Spot market freight volumes reported by the DAT North American Freight Index rose 5.6% from April to May, but fell compared to the same time a year ago.
DAT North American Freight Index rises in May.
Newly released figures show the increase was consistent with seasonal expectations, including freight volume increasing from April to May in eight of the past ten years, for an average increase of 6.3%, compared to this year’s 5.6% uptick. Freight availability rose 19% for vans and 27% for reefers, but declined 7.2% for flatbeds.
Compared to May 2012, when freight reached an all-time high, freight volume declined 13%. The drop was due largely to a 24% decline in load availability for flatbeds. Van freight declined 7.1%, but there was a 3.6% increase in reefer loads.

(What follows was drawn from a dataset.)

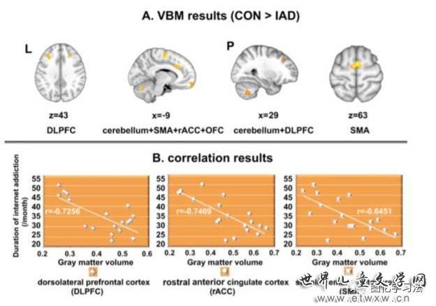 在另外一项研究中,研究人员通过借助基于体素的形态学分析技术(VBM)研究了18名网络成瘾青少年的大脑形态。他们发现,这些青少年在五个大脑区域的灰质体积出现减少,其中包括双侧背外侧前额叶皮层。研究人员还发现,这些青少年大脑灰质的体积大小与他们网络成瘾的时间显著相关(见图三)。

Spot market rates rose 3.9% for vans in May, reefer rates soared 12%, while flatbed rates lost 0.6%, compared to April. On a year-over-year basis, van rates were unchanged, while reefer rates rose 2.5%. Flatbeds dropped 8.0% from the extremely high rates that accompanied scarce capacity during May 2012.
The state with the most load board activity during May was Texas followed by Illinois, with both described as having a good ratio of outbound to inbound loads. Georgia was ranked third, with the ratio rated as excellent. It was followed by Ohio and Pennsylvania, with the outbound to inbound load ratios rated as poor, despite having the fourth and fifth greatest load volumes.

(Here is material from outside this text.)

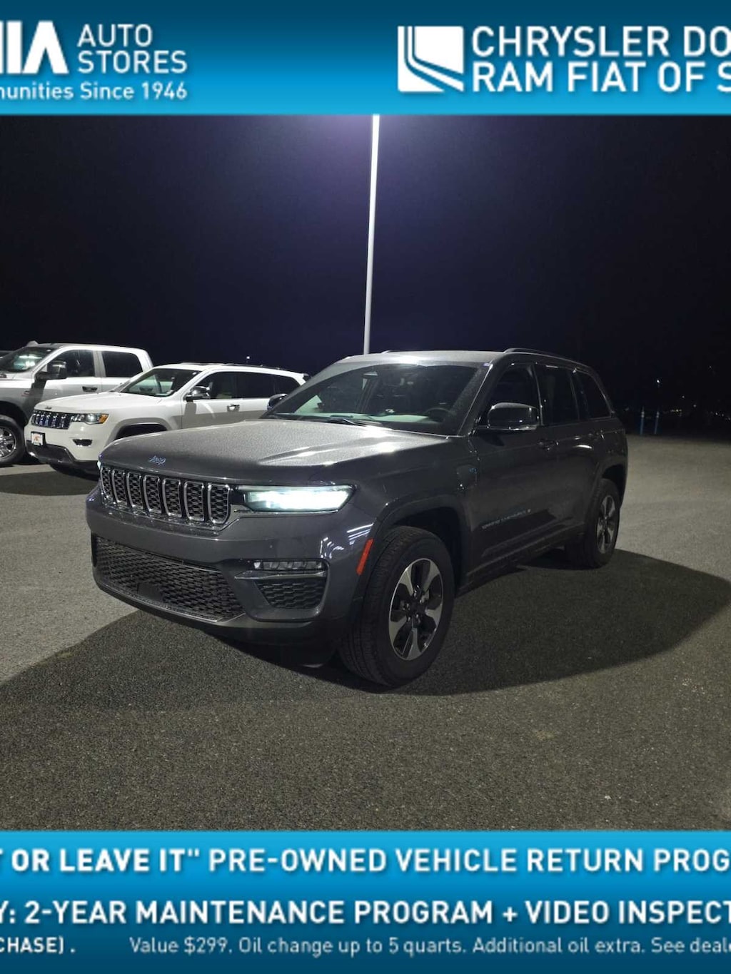 TRANSMISSION: 8-SPEED AUTOMATIC 8P75PH PHEV (STD), ENGINE: 2.0L I4 DOHC DI TURBO PHEV (STD). Jeep Grand Cherokee 4xe with Baltic Gray Metallic Clearcoat exterior and Global Black interior features a 4 Cylinder Engine with 375 HP at 5250 RPM*.

Rounding out he top 10 for load volumes are Indiana, California, Florida, North Carolina and Tennessee, all rated great or excellent for outbound to inbound load ratios.
DAT says looking ahead to July, there is an unusually favorable ratio of outbound loads in Texas, which also consistently offers the highest volume of available freight. Outbound loads should also continue to be plentiful in the Southeastern U.S., particularly Georgia, North Carolina, Tennessee and Alabama.
The monthly DAT North American Freight Index reflects spot market freight availability on the DAT network of load boards in the United States and Canada.